Task data:
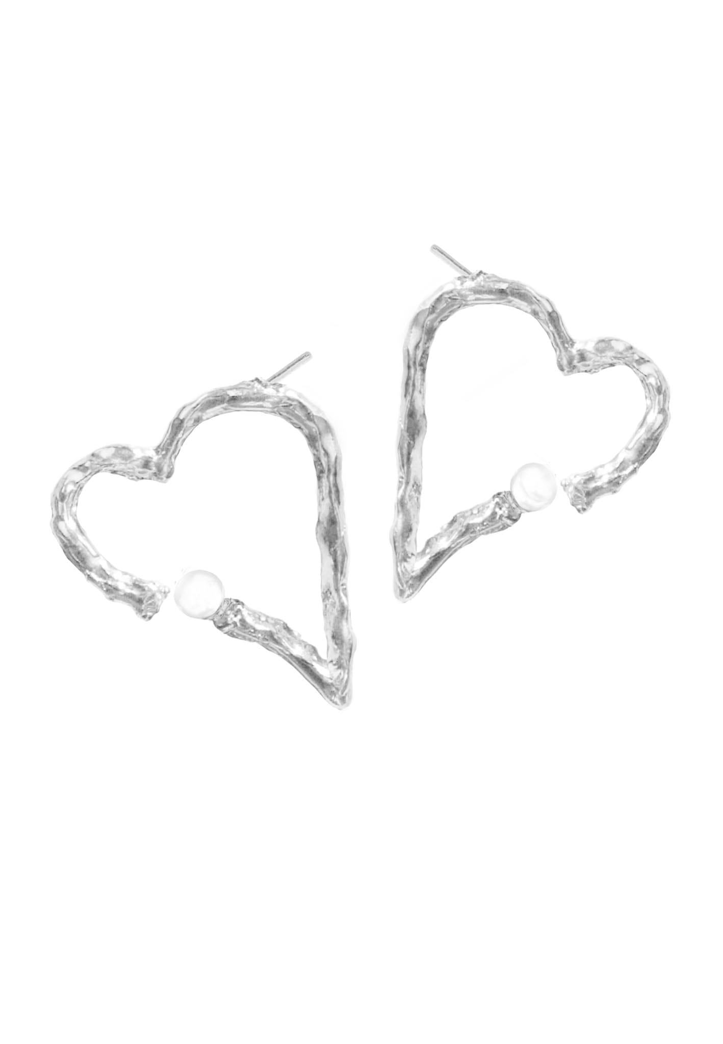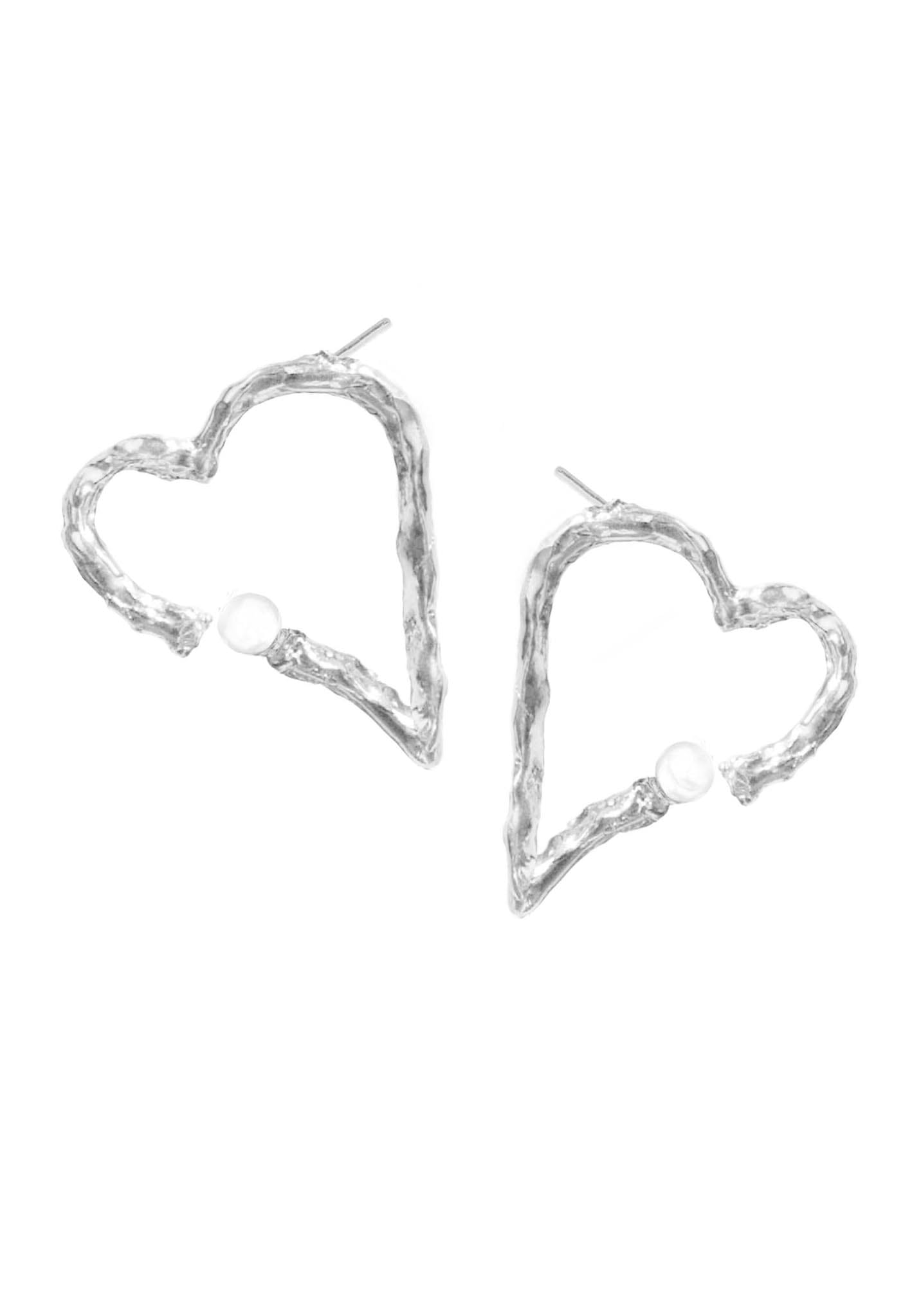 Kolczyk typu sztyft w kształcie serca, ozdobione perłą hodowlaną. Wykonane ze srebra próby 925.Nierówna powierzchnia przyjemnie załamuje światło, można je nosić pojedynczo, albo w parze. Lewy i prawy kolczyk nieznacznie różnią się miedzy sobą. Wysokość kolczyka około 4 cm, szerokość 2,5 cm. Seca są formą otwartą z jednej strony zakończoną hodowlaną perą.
...
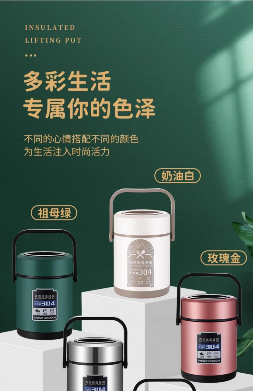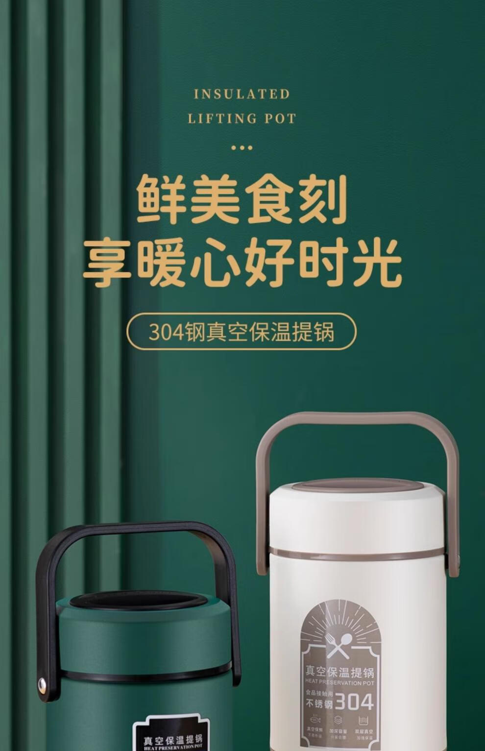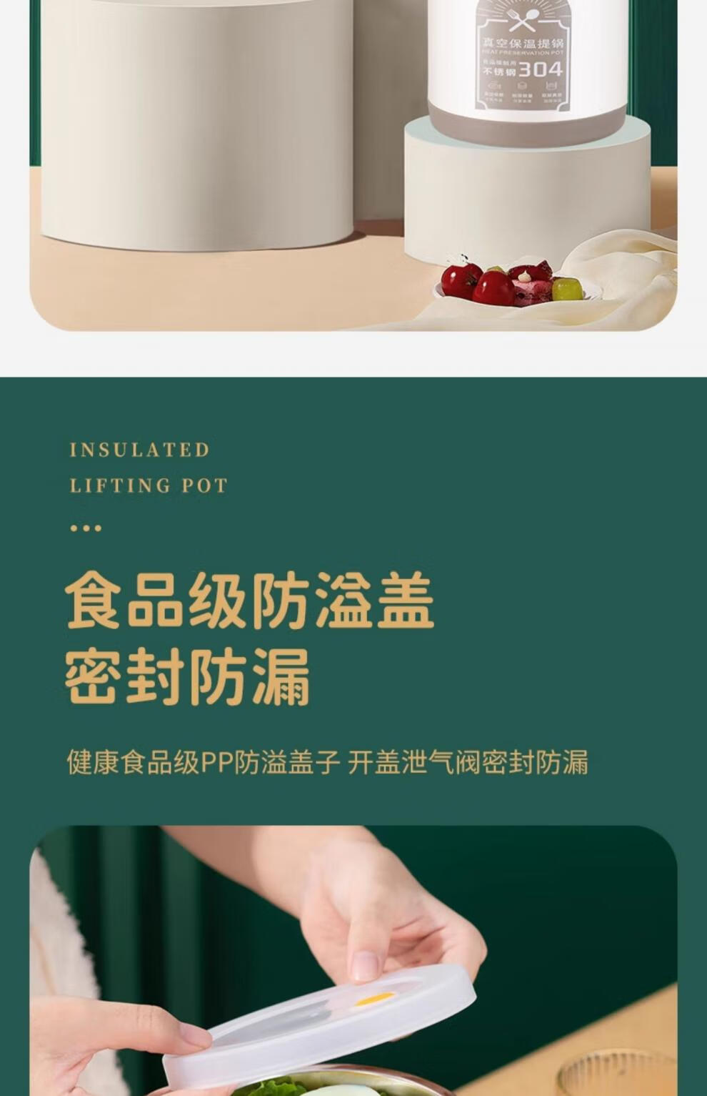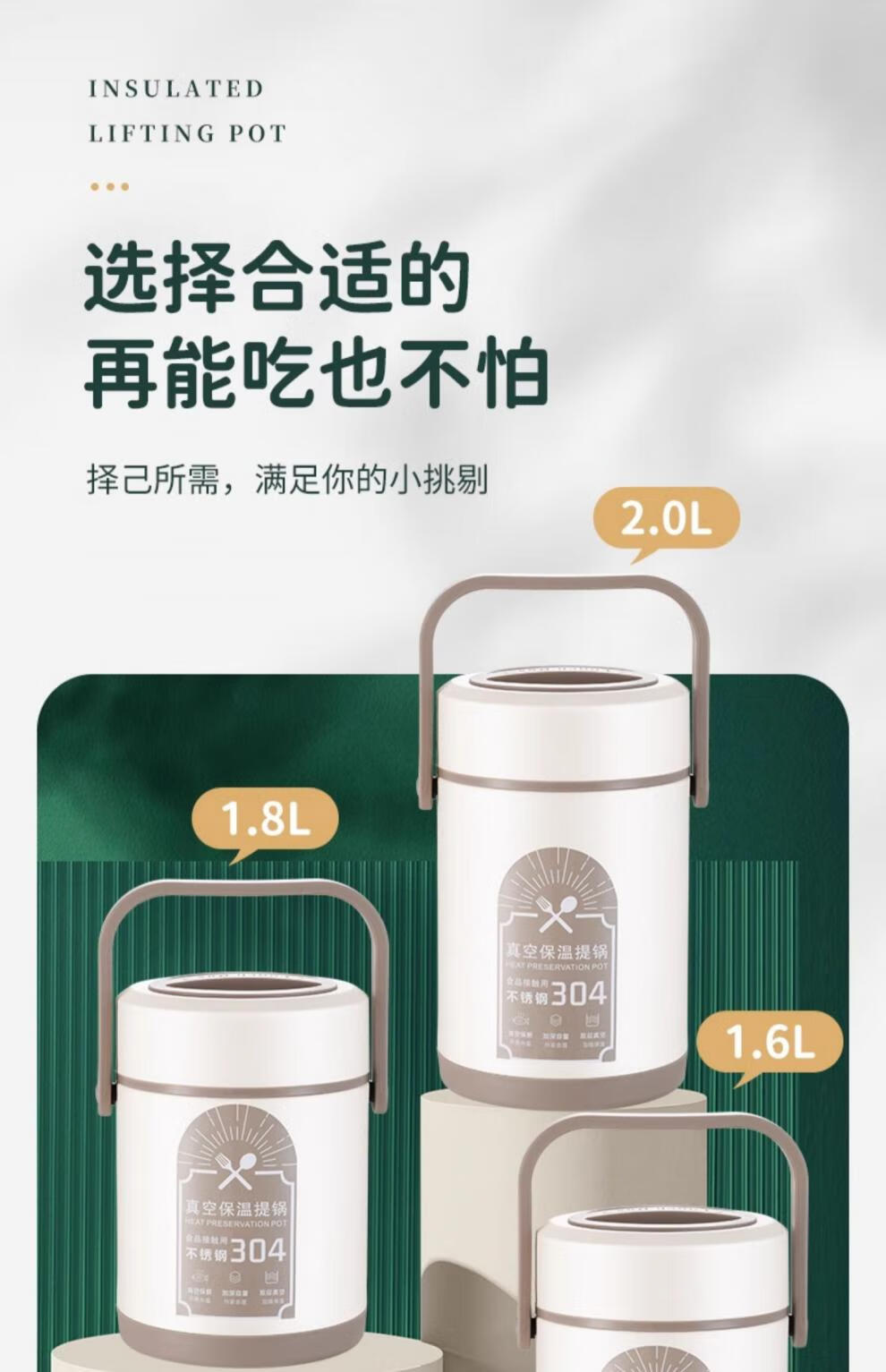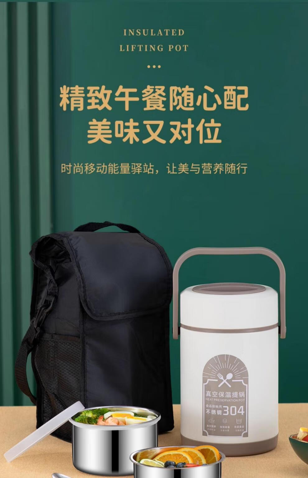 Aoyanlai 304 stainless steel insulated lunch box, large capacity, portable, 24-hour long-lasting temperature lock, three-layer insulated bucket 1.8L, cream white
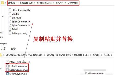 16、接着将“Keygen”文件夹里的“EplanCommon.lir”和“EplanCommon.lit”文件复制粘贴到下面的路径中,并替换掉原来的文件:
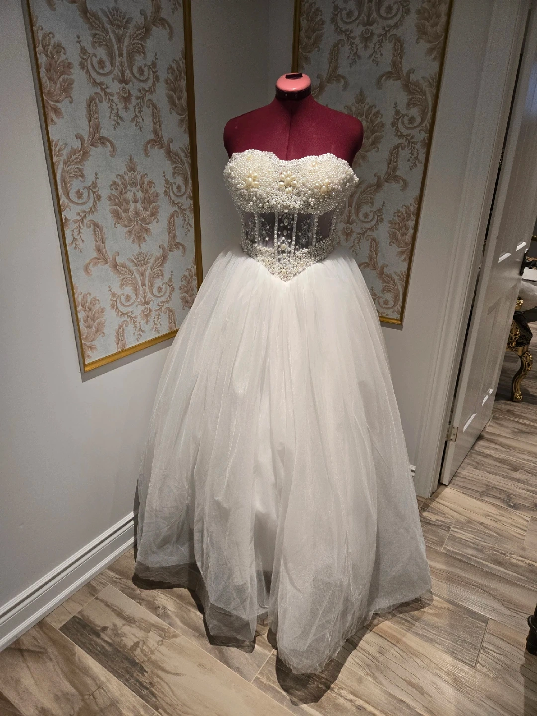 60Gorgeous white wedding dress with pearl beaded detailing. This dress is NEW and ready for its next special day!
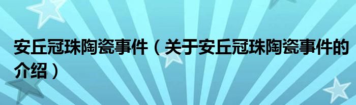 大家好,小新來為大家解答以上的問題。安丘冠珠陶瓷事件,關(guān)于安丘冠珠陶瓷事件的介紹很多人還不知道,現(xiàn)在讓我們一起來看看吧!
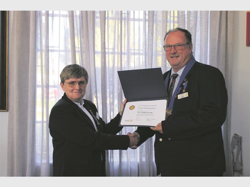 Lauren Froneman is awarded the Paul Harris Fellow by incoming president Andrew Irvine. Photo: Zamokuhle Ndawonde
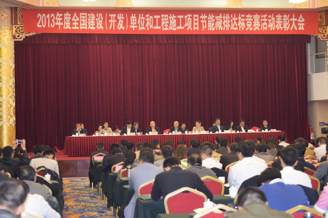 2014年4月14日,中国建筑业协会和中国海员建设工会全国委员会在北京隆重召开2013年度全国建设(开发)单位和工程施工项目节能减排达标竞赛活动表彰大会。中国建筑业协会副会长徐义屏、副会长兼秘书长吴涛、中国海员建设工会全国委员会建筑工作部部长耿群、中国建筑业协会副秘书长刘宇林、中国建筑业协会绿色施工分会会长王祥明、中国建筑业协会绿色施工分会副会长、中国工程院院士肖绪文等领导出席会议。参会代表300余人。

Work to be completed:
Repeat exactly the lines above, beginning at the one containing "Lauren Froneman is" and ending at the one containing "2014年4月14日,中国建". Do not carry over any pictures.

Result of this task:
 Lauren Froneman is awarded the Paul Harris Fellow by incoming president Andrew Irvine. Photo: Zamokuhle Ndawonde
 2014年4月14日,中国建筑业协会和中国海员建设工会全国委员会在北京隆重召开2013年度全国建设(开发)单位和工程施工项目节能减排达标竞赛活动表彰大会。中国建筑业协会副会长徐义屏、副会长兼秘书长吴涛、中国海员建设工会全国委员会建筑工作部部长耿群、中国建筑业协会副秘书长刘宇林、中国建筑业协会绿色施工分会会长王祥明、中国建筑业协会绿色施工分会副会长、中国工程院院士肖绪文等领导出席会议。参会代表300余人。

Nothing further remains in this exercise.